Sun, 29 Aug 2010
Assembly is hard because it's not decomposable
(with Adina Howe, Jason Pell, Rosangela Canino-Koning, and Arend Hintze).
Introduction
A few weeks ago I blogged a bit about a k-mer filtering system, khmer, that we were using to reduce metagenomic data to a more tractable size by throwing out error-prone reads (see A memory efficient way to remote low-abundance k-mers from large DNA data sets). No sooner had we tried that, than did we realize that we were probably primarily throwing away good, if low-abundance data (see Illumina reads and their features). No matter: we couldn't assemble the original data sets anyway, so we had to get rid of some of it, right?

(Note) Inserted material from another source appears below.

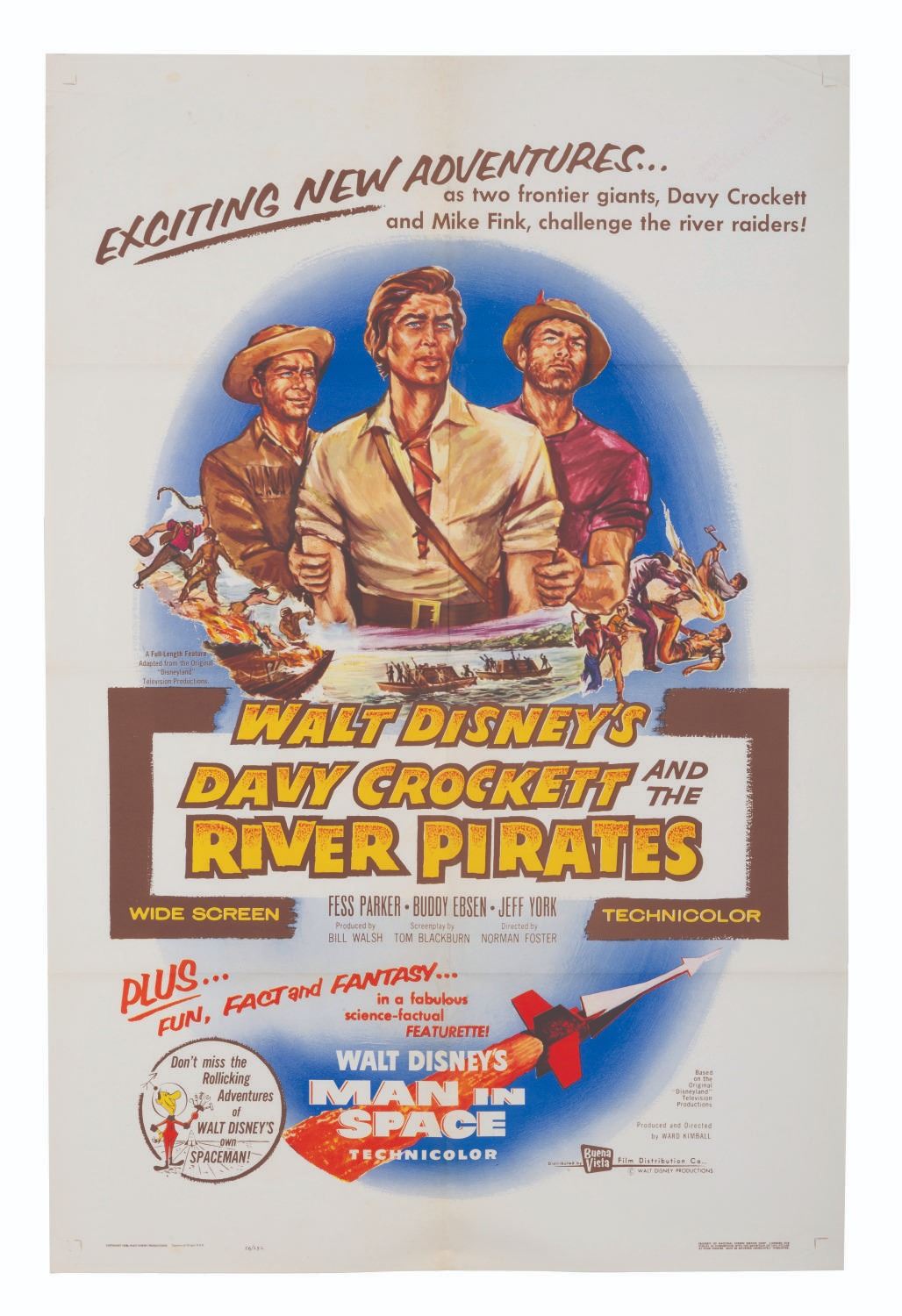 (Disney, 1956) An original one-sheet poster for the Fess Parker adventure film, “Davy Crockett and the River Pirates.” Also billed with the feature is the animation and live-action documentary “Man in Space,” directed by Ward Kimball. Measuring 27" x 41", the poster is in very good condition with light discoloration from age, a tiny separation at the upper center fold point, slight creases along the edges which do not affect the overall image, and the title stamp on the reverse slightly visible on the front.

The subject of this blog post is not on how to best throw away data. (I'll address that in a few weeks.) Instead, it's on why we have to throw away data in the first place. More precisely,
Why is assembly hard?
First, some background. Imagine you have some long-ish strings (1mn - 200 mn in length), composed of only the letters A, C, G, and T, and you want to know what the sequence of the strings is. You can't actually read the sequences directly; they're too physically small. But you can randomly retrieve short subsequences ~100-1000 letters in length from the original long sequences. You don't know where they're from on the original sequence, or even which of the original sequences they're from. And the process of retrieval is error-prone, so you can't even trust the exact sequence you get. But you do know that, by and large, the short sequences are mostly correct; and (the most important bit) that you can get as many of these short sequences as you want, within $$ limitations.

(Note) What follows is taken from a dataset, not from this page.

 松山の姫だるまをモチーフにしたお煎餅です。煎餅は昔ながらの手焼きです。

From this kind of information you want to reconstruct the original sequences.
This is a basic description of the process of shotgun sequencing, in which you take DNA, shred it, and then sequence from it randomly -- many, many times. And it lays out the basic problem of assembly, too: you want to figure out how to reconstruct the original sequences from the little subsequences that you actually have.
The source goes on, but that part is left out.